Oleh: Dr. Dimitri Mahayana
Bagaimanapun, membaca publikasi di harian Kompas edisi Senin, 15 Juni 2015, tentang konflik dalam dunia luar jaring (luring) imbas makin melekatnya dunia digital dan dalam jaringan (daring), sikap pertama penulis dan kita semua, tentu mengutuk kekerasan yang terjadi.
Apapun alasan dan pembenarannya, manakala tindakan destruksi menjadi pilihan, adalah manifestasi kebebalan yang terus berulang di negeri ini. Padahal kita tahu, dengan legacy musyawarah mufakat dari pendiri bangsa ini, selalu ada cara komunikasi yang resolutif.
Internet citizen (netizen) Indonesia pun sudah masuk kategori heavy user, karena 40 persen waktu melek dari hidupnya (tujuh jam dari 18 jam) terkoneksi dunia maya dengan rincian 4-5 jam di komputer personal dan sisanya di smartphone/tablet. Luar biasa!
Kemudian, dengan cerdasnya, situasi ini diakomodir baik oleh banyak startup. Misalnya konsep web 2.0 ala kebanyakan media sosial, ini merubah pola komunikasi menjadi many to many dari broadcast media. Pola ini sungguh selaras dengan cara perubahan sosial pasca-perang dingin dunia.
Kita, masyarakat Indonesia - terutama generasi baby boomer - pasti ingat jika dulu TVRI dan RRI selalu menjadi broadcast media yang mendominasi kehidupan sosial.
Lalu, datang era reformasi yang demokratis dan dua arah interaksi, maka wajar jika laman kontemporer digemari publik. Ketika hal ini terus bergulir, maka kita tahu, manusia urban hari ini di tanah air sangatlah sulit mengelak dari aplikasi internet dan smartphone.

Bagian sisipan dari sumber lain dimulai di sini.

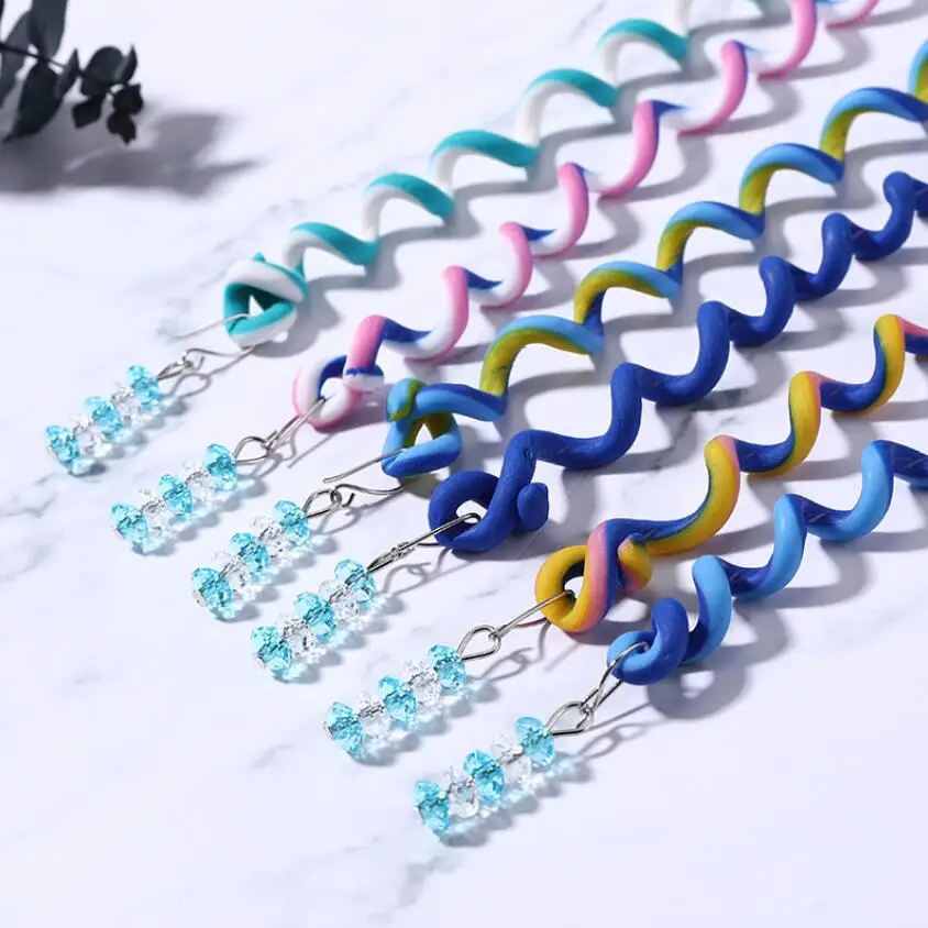 6 шт.компл., милые красочные Длинные спиральные украшения для волос со стразами, Детские Модные аксессуары для волос

Simak data tiga tahun terakhir di Indonesia. Netizen tahun 2013 mencapai 71,2 juta dengan pengguna ponsel cerdas 38,5 juta (penetrasi 54 persen), tahun 2014 88,1 juta dan pengguna ponsel cerdas 57,7 juta (65 persen), serta proyeksi 110 juta dan pengguna ponsel cerdas 71,6 juta (65 persen).